Fiat Wages

This article is from the archive of The New York Sun before the launch of its new website in 2022. The Sun has neither altered nor updated such articles but will seek to correct any errors, mis-categorizations or other problems introduced during transfer.

The New York Sun

What a remarkable thing that President Obama delivered a state of the Union message on the 100th anniversary of the founding of the Federal Reserve and made not one mention of monetary policy. He certainly had an opportunity in respect of wages. “Today,” said the President in his State of the Union message, “the federal minimum wage is worth about 20% less than it was when Ronald Reagan first stood here.” But wait, wasn’t the minimum wage $3.35 an hour throughout Reagan’s two terms? Isn’t it now $7.25 an hour? How does that add up to a drop in value by 20%? The president glided right past that point.

By our lights, the president owed the country an explanation. The editor of The New York Sun, writing in the New York Post a column from which this editorial is adapted, noted that when the Federal Reserve Act was passed a century ago Congress refused to agree to a Federal Reserve until language was included that would mandate protecting the convertibility of the dollar into gold. That law unraveled in a series of defaults that started in the Great Depression and ended under President Richard Nixon. By the mid-1970s, America had moved to a fiat currency, meaning a dollar that is not redeemable by law in anything of value.

The minimum-wage crisis is a sign that fiat money is not working for working men and women. The sad fact is that they are being paid fiat wages. It’s not, after all, that the nominal minimum wage has failed to go up (it’s been raised seven times since Reagan). It’s that the value of the dollar has collapsed. Even after strengthening somewhat in the past year, the greenback has today a value of barely a 1,250th of an ounce of gold, a staggering plunge from an 853rd of an ounce on the day Mr. Obama took office and a 265th of an ounce on the day George W. Bush acceded to the presidency. Gold isn’t the only way to measure a dollar; Obama appears to be using the consumer price index to reckon the 20% decline in the value of the minimum wage since the Reagan years is serious.

Mr. Obama, in any event, endorsed a proposal by Senator Harkin and Congressman George Miller, Democrats of Iowa and California respectively, to raise the minimum wage by a staggering 39%, to $10.10 an hour. What’s the point of raising the minimum wage if you’re going to run down the value of the dollar?

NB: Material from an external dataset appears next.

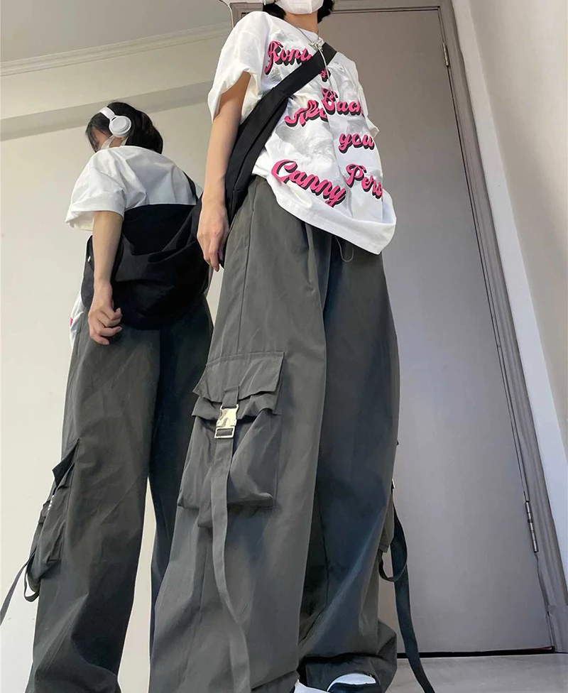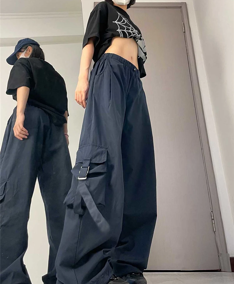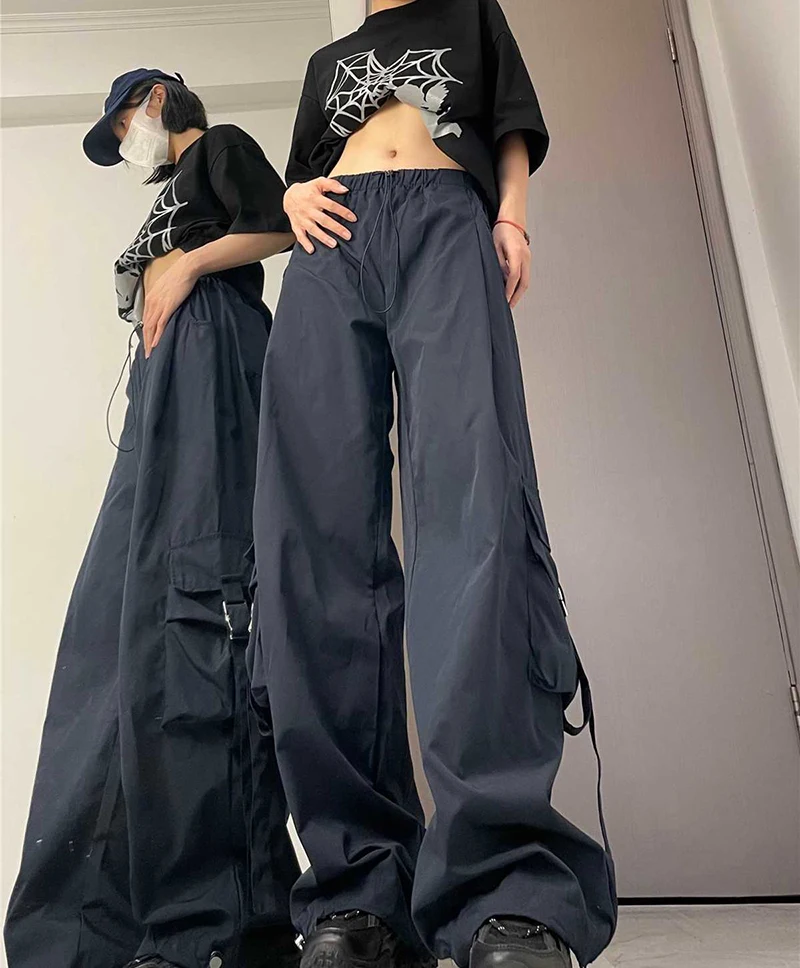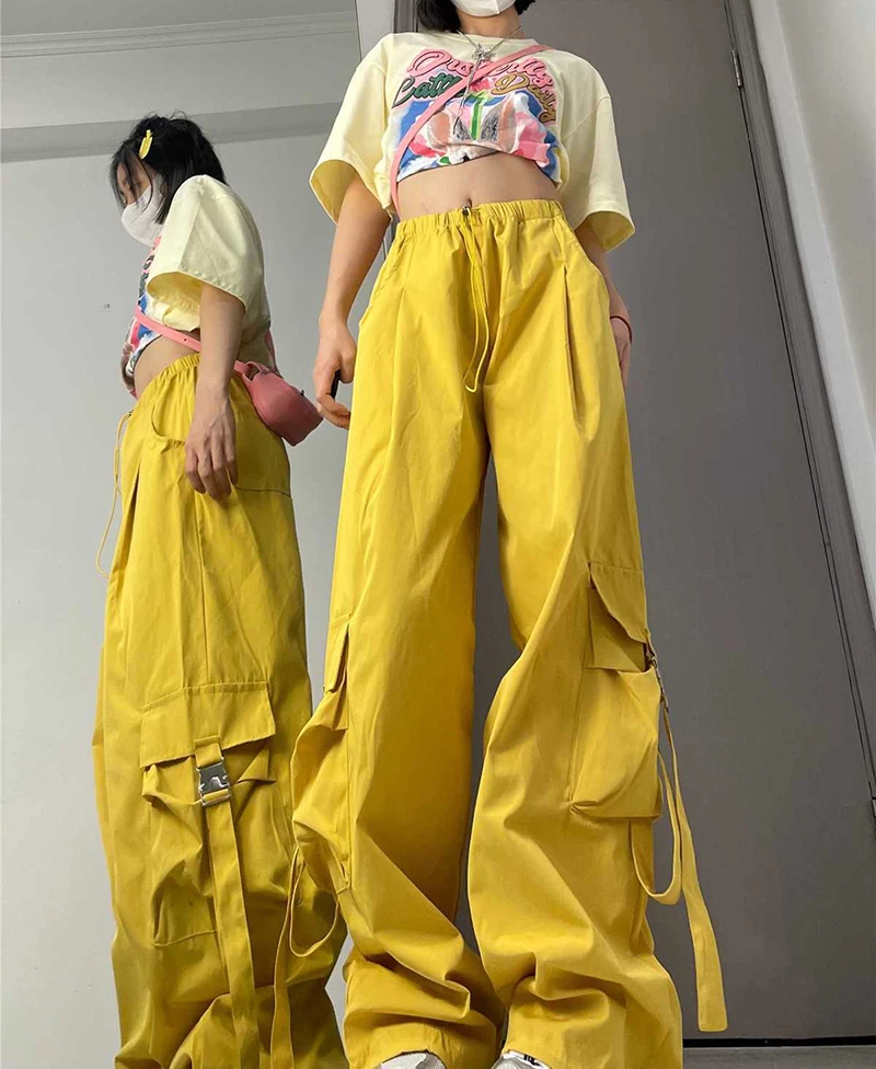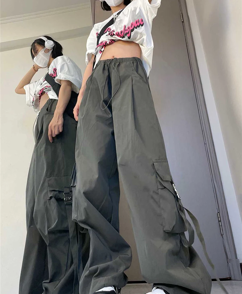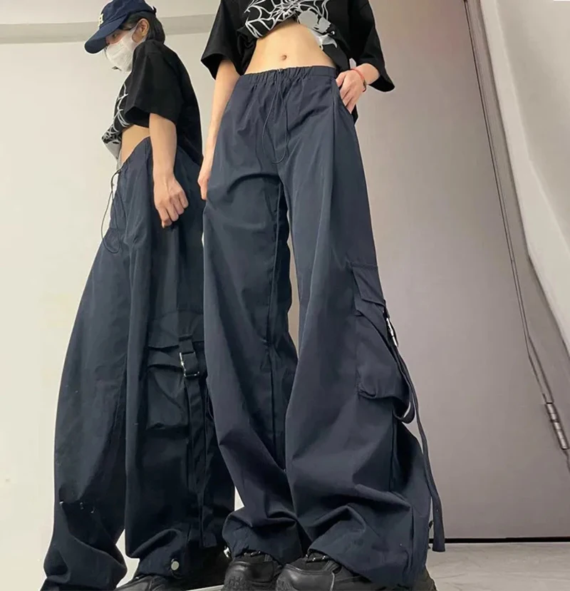 Hnewly American Drawstring Hiphop Cargo Pants Women Loose Lazy Jazz Dance Big Pocket Trousers High Waist Solid Streetwear Wide Leg Pant

Today a person has to work 173 hours at the minimum wage to earn an ounce of gold; by the end of Reagan’s presidency, it took only 125 hours. The Harkin-Miller bill would get closer to the Reagan years. But how long would that last? How is a person to know what his wages will be worth if the dollar is always jumping around? Banks and businesses are beset with the same problem. Wouldn’t it be better to focus less on the minimum wage and more on stabilizing the dollar, just as Congress insisted when it set up the Fed?

It’s five years now that Mr. Obama has been in office, and he has avoided the monetary question at every turn. His first Fed chairman, Ben Bernanke, is leaving us a dollar valued at less than half of what it was when he became chairman. Janet Yellen, who’s set to succeed Mr. Bernanke, is promising policies that could drive the value of the dollar down further. We understand that it’s not entirely their fault. In 1978, Congress passed the Humphrey-Hawkins law, which gave the Federal Reserve a dual mandate. The Fed must, on the one hand, protect the value of the dollar; on the other, it has to try to bring about full employment. It puts the Fed brass in a devil of a bind.

Even the liberals foresaw trouble. When the bill was passed, the New York Times warned that the law “would play a cruel hoax on the hard-core unemployed, holding before them the hope — but not the reality — of a job.” At the time, unemployment was 6.1%. It has been above 8% for much of Mr. Obama’s presidency and above 7% for almost all of it. Isn’t it time Congress looked at Humphrey-Hawkins and other laws that govern the Fed to see whether they helped cause the Great Recession? That would have been a presidential-scale challenge for the Congress. The legislature’s own Joint Economic Committee has proposed a bi-partisan Centennial Monetary Commission to review the first century of the Federal Reserve. Mr. Obama himself says that Americans are tired of “stale political arguments.” If so, rescuing the dollar would be the place to start.